Thanks for the comparison, joekun. I'm also a ReplayTV user, and their 30-sec skip feature is something I really like. What are the other navigational features that you miss?

How does the speed/responsiveness of the interface compare? I use my RTV with an IR blaster and channel surfing is way slow.

How does the overall ease-of-use compare? Will my technically disinclined wife be able to use it without handholding?

Thnx!


----------



## marcello696 (Aug 16, 2006)

If the installer was from The City of Industry then it was Ironwood who is doing my install on Sunday.


----------



## Wolffpack (Jul 29, 2003)

Earl Bonovich said:


> It is configurable...
> 
> When you are in the Record-Series Link Tab... Hit Menu
> There is an option to set your recording defaults...
> ...


I've never changed the default and my SLs on the R15 have an episode type of First Run.


----------



## joekun (Aug 18, 2006)

> What are the other navigational features that you miss?


I love the "jump to any minute" and "jump forward any # of minutes" features on Replay and use them constantly. I miss them a lot. I also miss the display banner showing me exactly how much time has elapsed in a show to the second. The nav bar at the bottom is very imprecise, but when you can't navigate precisely I guess it isn't as important.

Of course I miss Commercial Advance and/or Show Nav. Even though they are imperfect. Replay just has so many ways to get to where you want to go. If they find a reliable way to control a sat box from a PC I may eventually build a new ReplayPC with the software they are about to release. The HR20 should hold me over until then.



> How does the speed/responsiveness of the interface compare? I use my RTV with an IR blaster and channel surfing is way slow.


I'd say comparable to the Replay 3000 series, it tends to think for a second before doing what you want. Can't speak to channel surfing, as I'm a guide surfer, don't get much use out of the channel up and down buttons. I do have the box set to "Native" mode which will switch to the native res of the channel you are watching as you go, so it does take a few seconds to tune in a new channel, and then my projector takes a few seconds to switch res. Doesn't bother me though as I'm using the guide and deliberately choosing what I am going to watch.

I am impressed with the picture quality though, even on SD channels. As Earl stated in the other thread, it makes Stargate look pretty good. Even cropping the bars off the top and bottom and blowing it up to 106" it looked a lot better than I'm used to from the Scifi channel.



> How does the overall ease-of-use compare? Will my technically disinclined wife be able to use it without handholding?

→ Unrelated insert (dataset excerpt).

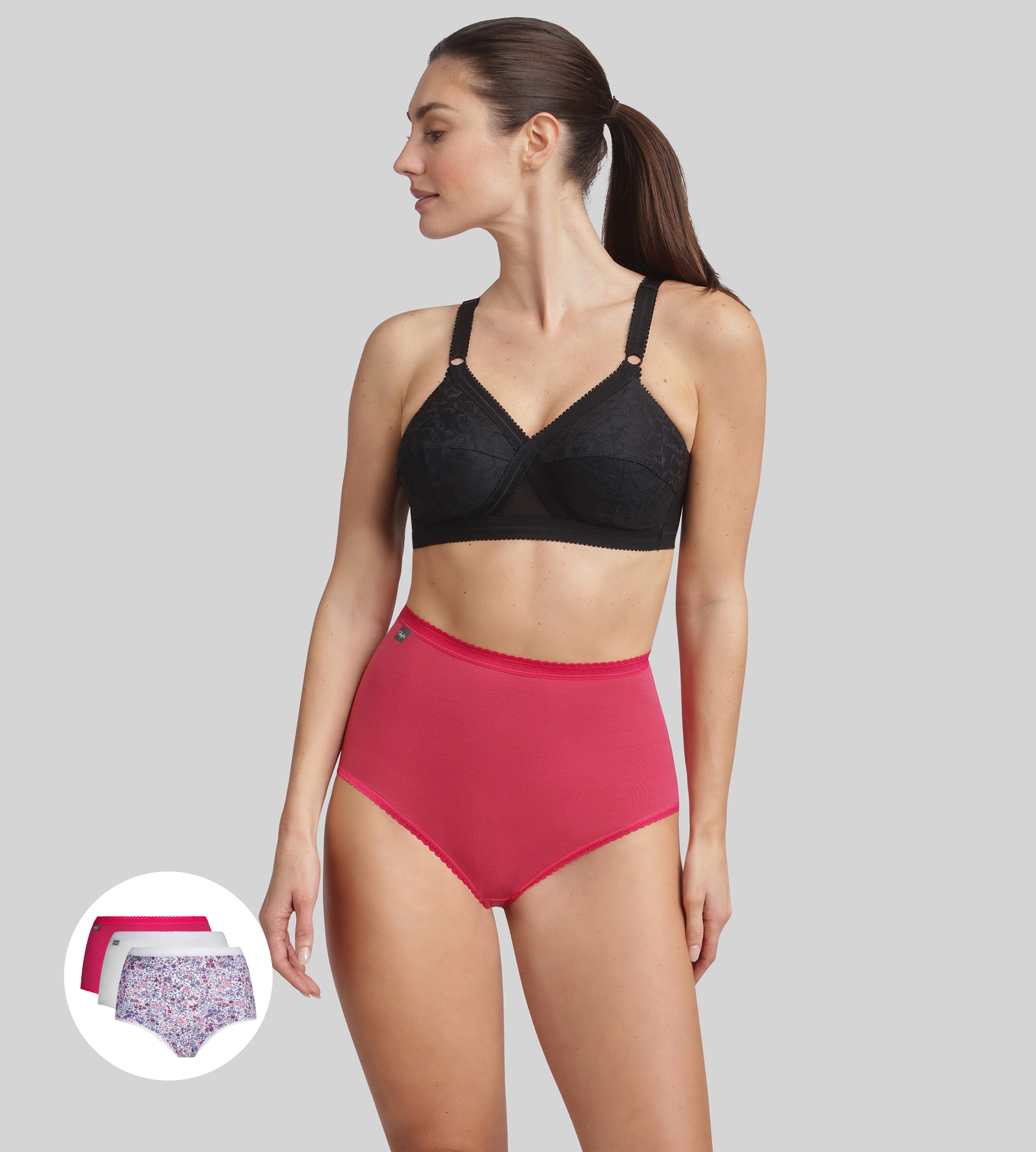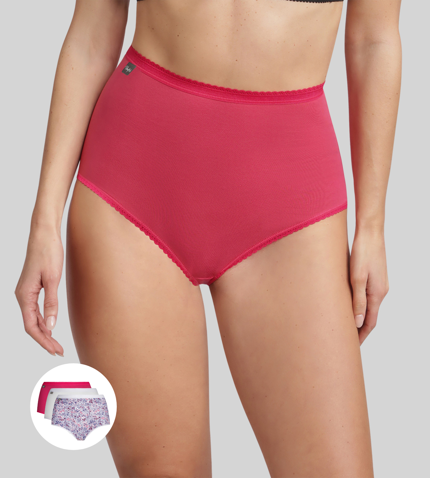 Lot de 3 culottes taille haute hibiscus, blanc et imprimé fleuri violet Cotton Stretch

I've always found replay's system to be very intuitive, but MY technically disinclined wife still needs some hand-holding with it. I don't really find the HR20's layout to be intuitive at all. I often think "when I push select it will bring up a menu" or something and instead it jumps to the channel. It is going to take some getting used to. When all is said and done I think my wife will be extremely pleased that she can still watch live TV while something is recording, before she had to switch to another replaytv (just a few button presses on the remote, but she found it cumbersome to remember).

Speaking of remotes, I LOVE the RF remote that comes with this thing. The newer replays have their eye in a recess and you have to point the remote VERY precisely to get it to work at certain angles (like from my couch). With the RF remote sometimes I just point it in the opposite direction of the HR20, just because I can 

The HR20 doesn't seem to have a way to remove unwanted channels from your guide either. I usually take out all the PPV channels and Spanish channels, etc. Not to mention all the premium channels I don't get. You can designate favorite channels, but only up to 250 so I can't set that up just to eliminate the channels I don't want. It does also have a feature called "channels I get" but it includes all sorts of channels I DON'T get. Maybe after a day or so it will start to figure that out.

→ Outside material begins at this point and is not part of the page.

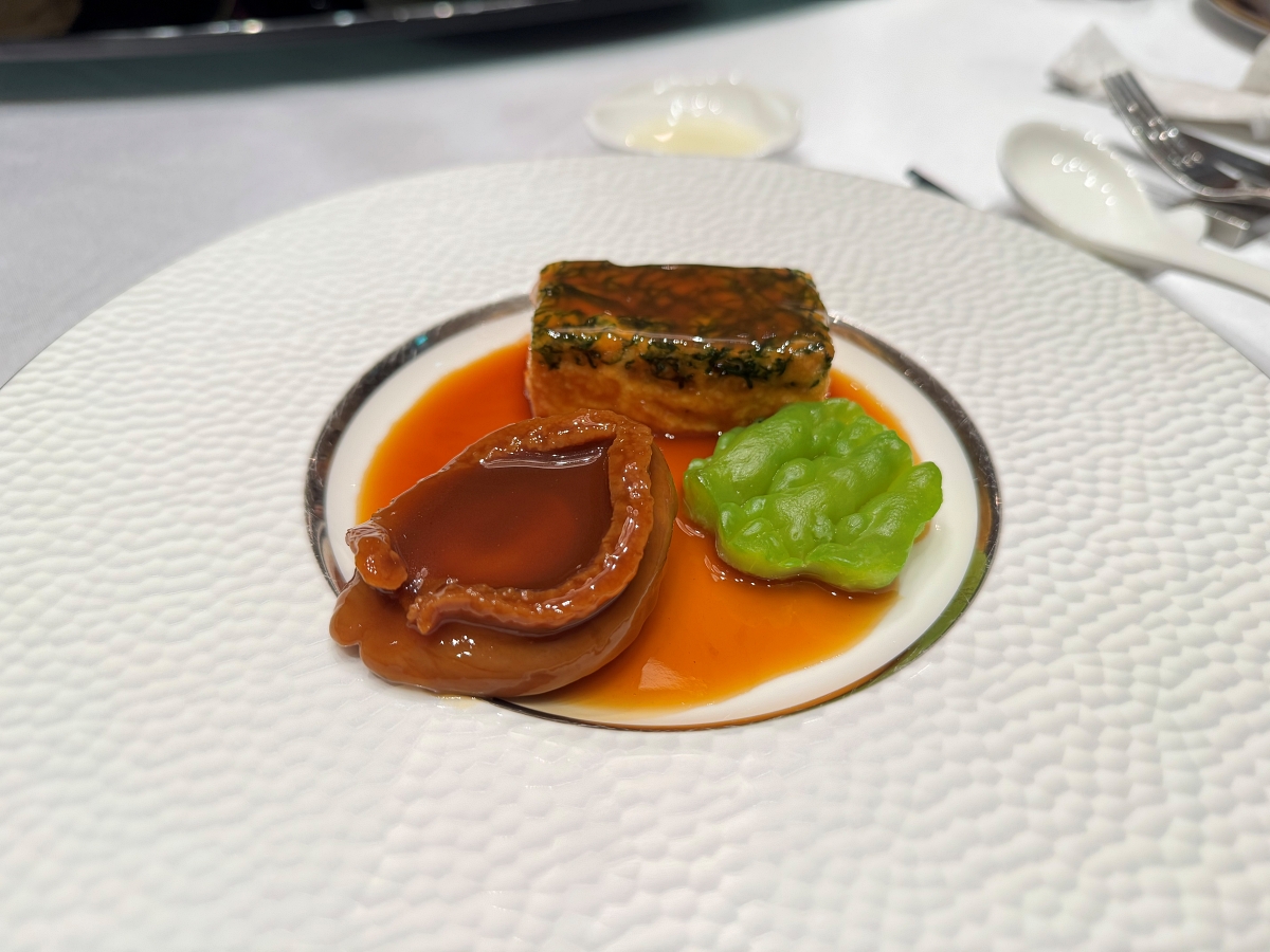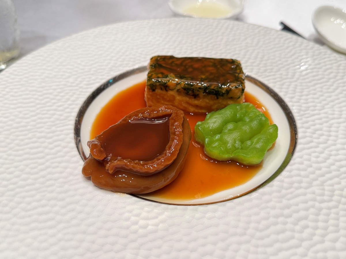 Braised Abalone in Oyster Sauce with Spinach Tofu

Having said all of that, I don't want to sound too negative, it's no replaytv, but it does record in HD, and that's nice. I would say it makes a nice compliment to my replaytv. You Tivo users should feel lucky that at least the interface is based off of the Tivo DVR.


----------



## Earl Bonovich (Nov 15, 2005)

joekun said:


> The HR20 doesn't seem to have a way to remove unwanted channels from your guide either. I usually take out all the PPV channels and Spanish channels, etc. Not to mention all the premium channels I don't get. You can designate favorite channels, but only up to 250 so I can't set that up just to eliminate the channels I don't want. It does also have a feature called "channels I get" but it includes all sorts of channels I DON'T get. Maybe after a day or so it will start to figure that out.


Take a look at page 32 of the manual.
"Favorites"

While in your Guide: Hit menu... there will be an option for favorites.
The first option is Edit Settings... when it there you can setup two different favorite lists (and name them what ever you want).
You can then set your default favorite list.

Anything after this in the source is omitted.